**AIM OF THE EXERCISE**
Take nothing but the lines from the one with "[굿타임] = 이강부" through the one with "測試電缸/油缸:在測試界面上" in the entries below, both ends kept, and return them exactly with pictures left out.

**SUPPLIED RECORDS**
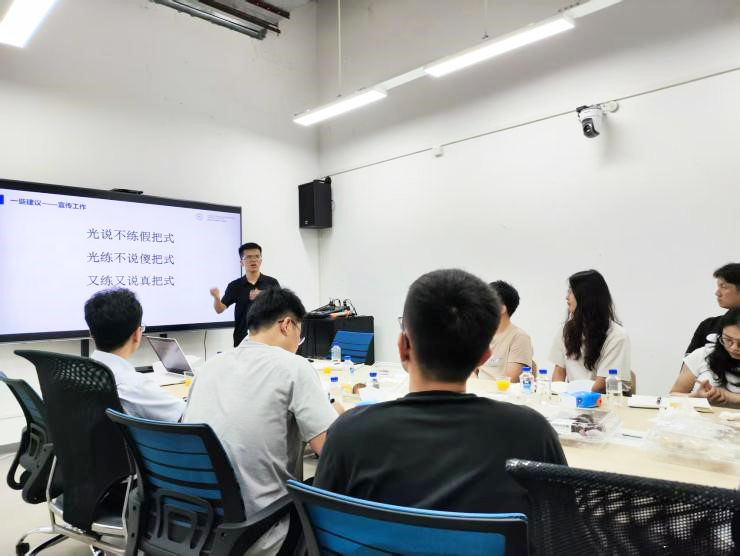接着,2024届毕业生党员、原生工研究生支部副书记庄锦湖同志进行了经验分享,对党建活动和学习活动进行了典型案例分享,并提出了一些建议。庄同志在本科期间入党初始便主动开展“身边榜样”分享会、社区“周末值班”和“知识课堂”等活动,从零到有,从有到壮大,逐步发展成了学生支部的特色活动。他告诉我们,“柴备好了,只缺一个点火的!大家都是愿意干事的”,这启迪我们只要有想法,合理合规,就可以行动起来,积极号召身边同志一起把活动办下来。
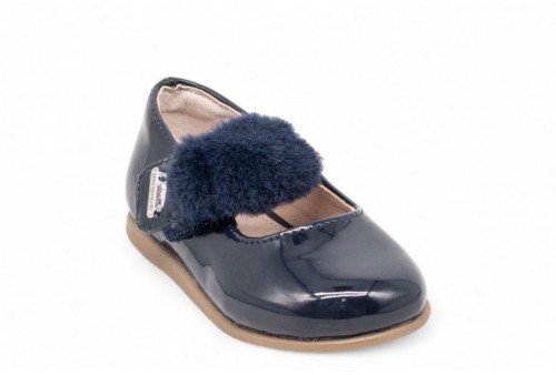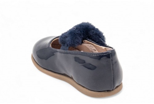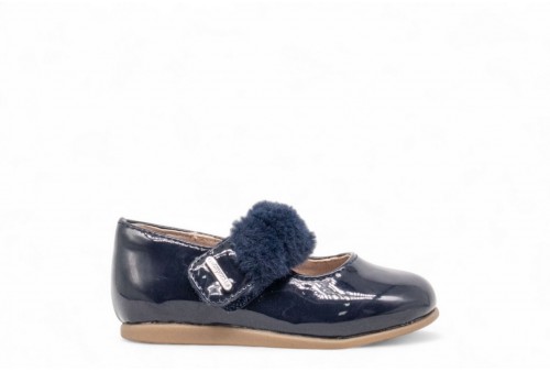 MAYORAL BALLERINA IN VERNICE CON ECOPELLICCIA. Ballerina realizzata in ecopelle effetto vernice con ecopelliccia sul cinturino. COLORE: MARINO
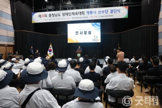 [굿타임] = 이강부 기자 = 계룡시는 계룡문화예술의전당에서 제30회 충남도장애인체육대회 출전 선수단 결단식을 가졌다.
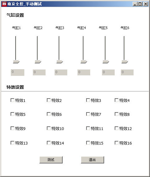 測試電缸/油缸:在測試界面上,將“氣缸設(shè)置”下方的“缸1”中的滾動(dòng)條向上拖動(dòng),這時(shí)平臺(tái)的1號(hào)位置的電缸/油缸會(huì)上升到相應(yīng)的位置;向下拖動(dòng)時(shí),1號(hào)缸會(huì)下降到相應(yīng)的位置。依次按此操作測試缸2、缸3、缸4、缸5、缸6。如果都能正常上升和下降,則平臺(tái)工作正常。
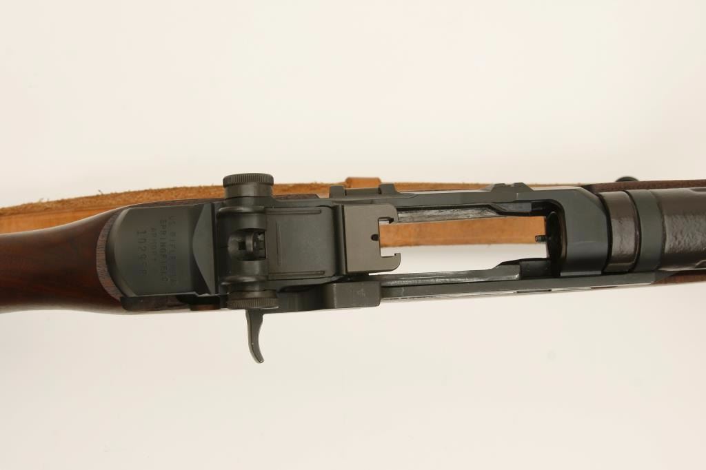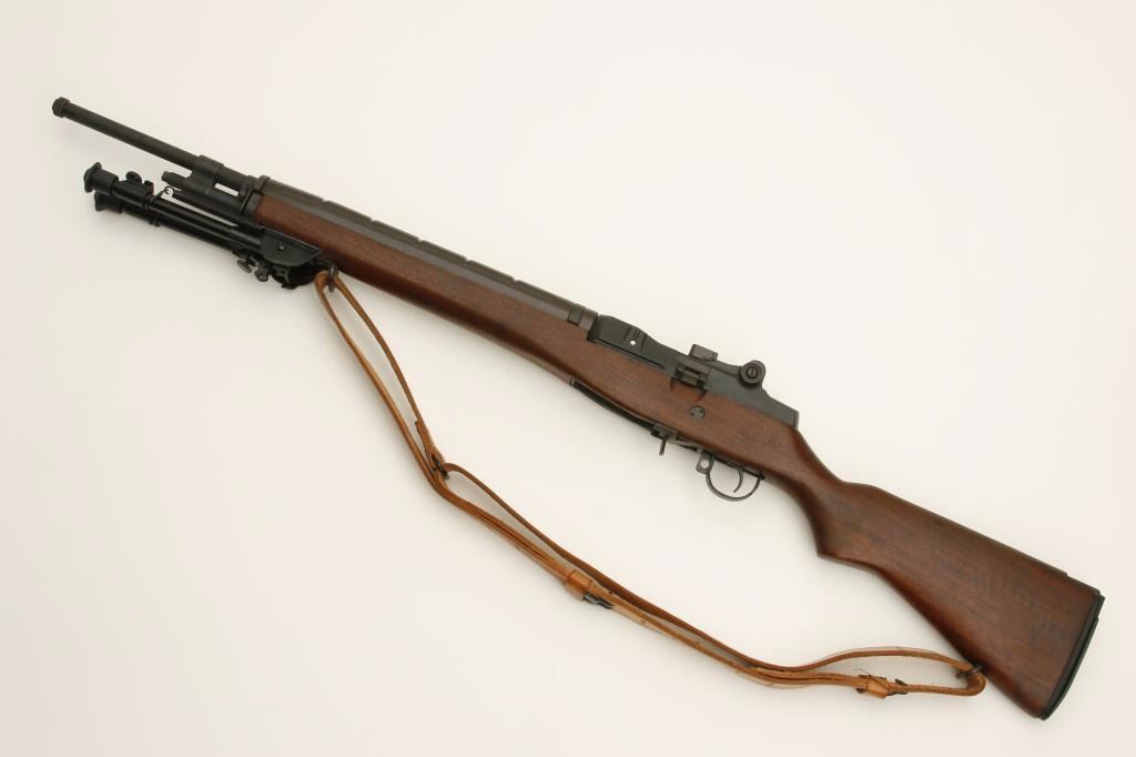 serial #102958. The rifle is in very good overall condition. The barrel retains nearly all of its military finish, as does the receiver. The muzzle break has been removed and accompanies the rifle in a separate bag. The smooth wood stock is in very good condition showing only slight handling marks. The stock has a Harris style bipod added and ends with a checkered steel butt plate. The bore is dirty, but should clean to good. The action functions and the markings are legible. A leather, military sling and sling swivels have been added. (Modern) Est.: $800-$1,600.
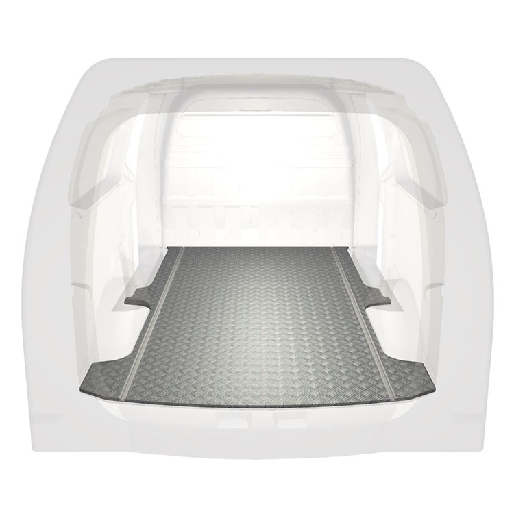 Lätt och robust golv med halkfri aluminiumdurk till en Hyundai H1. Golvets integrerade skenor (längsgående) används för snabb och säker installation av bilinredning och andra tillbehör.
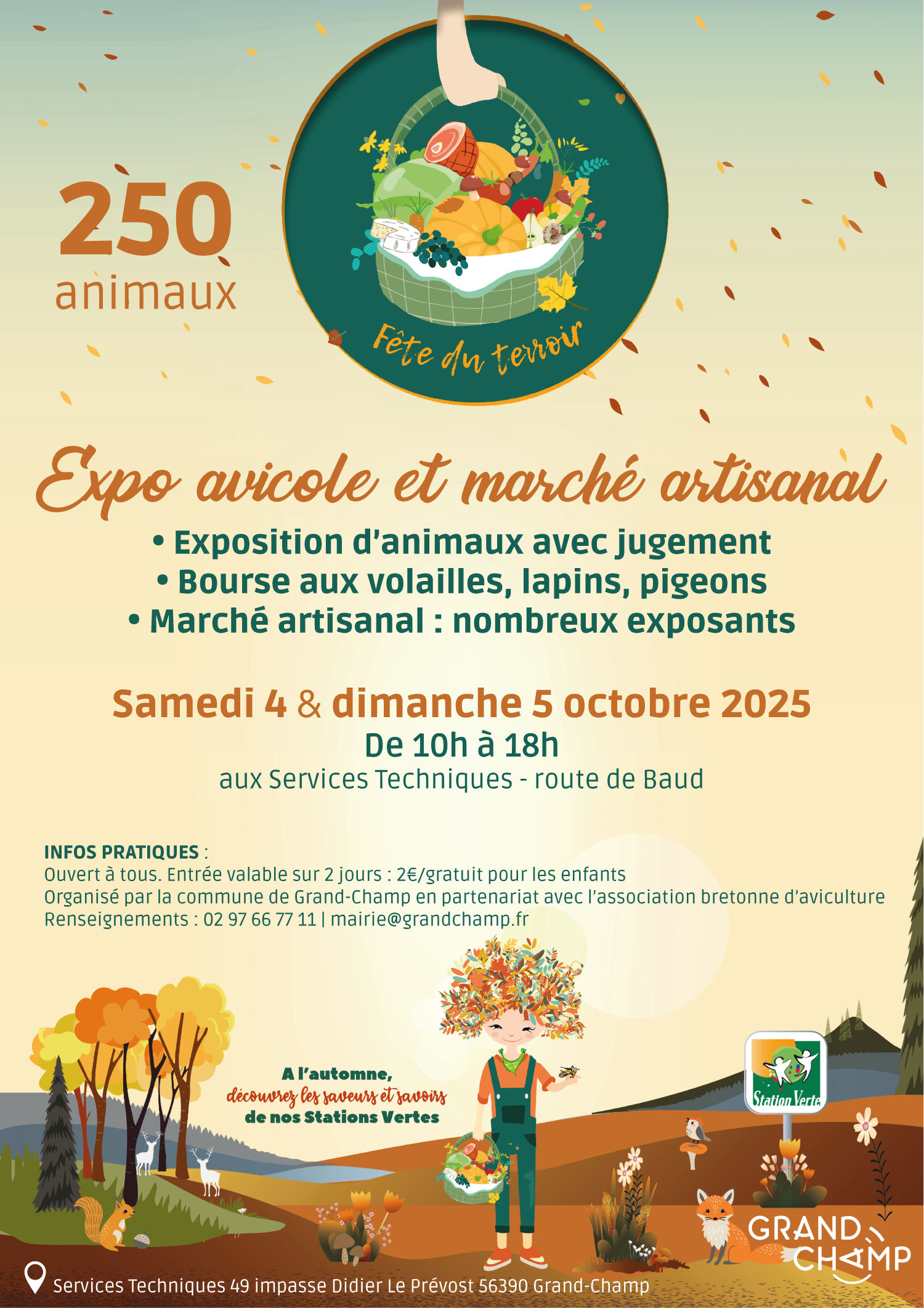 À Grand-Champ, commune labellisée Station Verte, la "Fête du Terroir" aura lieu les samedi 4 et 𝗱𝗶𝗺𝗮𝗻𝗰𝗵𝗲 5 𝗼𝗰𝘁𝗼𝗯𝗿𝗲, 𝗱𝗲 𝟭𝟬𝗵 𝗮̀ 𝟭𝟴𝗵, aux Services Techniques, route de Baud.
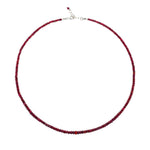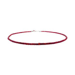 Model showcasing the Love Ruby Faceted Dainty Necklace, highlighting its vibrant red hues and elegant design.

**OUTPUT OF THE TASK**
 [굿타임] = 이강부 기자 = 계룡시는 계룡문화예술의전당에서 제30회 충남도장애인체육대회 출전 선수단 결단식을 가졌다.
 測試電缸/油缸:在測試界面上,將“氣缸設(shè)置”下方的“缸1”中的滾動(dòng)條向上拖動(dòng),這時(shí)平臺(tái)的1號(hào)位置的電缸/油缸會(huì)上升到相應(yīng)的位置;向下拖動(dòng)時(shí),1號(hào)缸會(huì)下降到相應(yīng)的位置。依次按此操作測試缸2、缸3、缸4、缸5、缸6。如果都能正常上升和下降,則平臺(tái)工作正常。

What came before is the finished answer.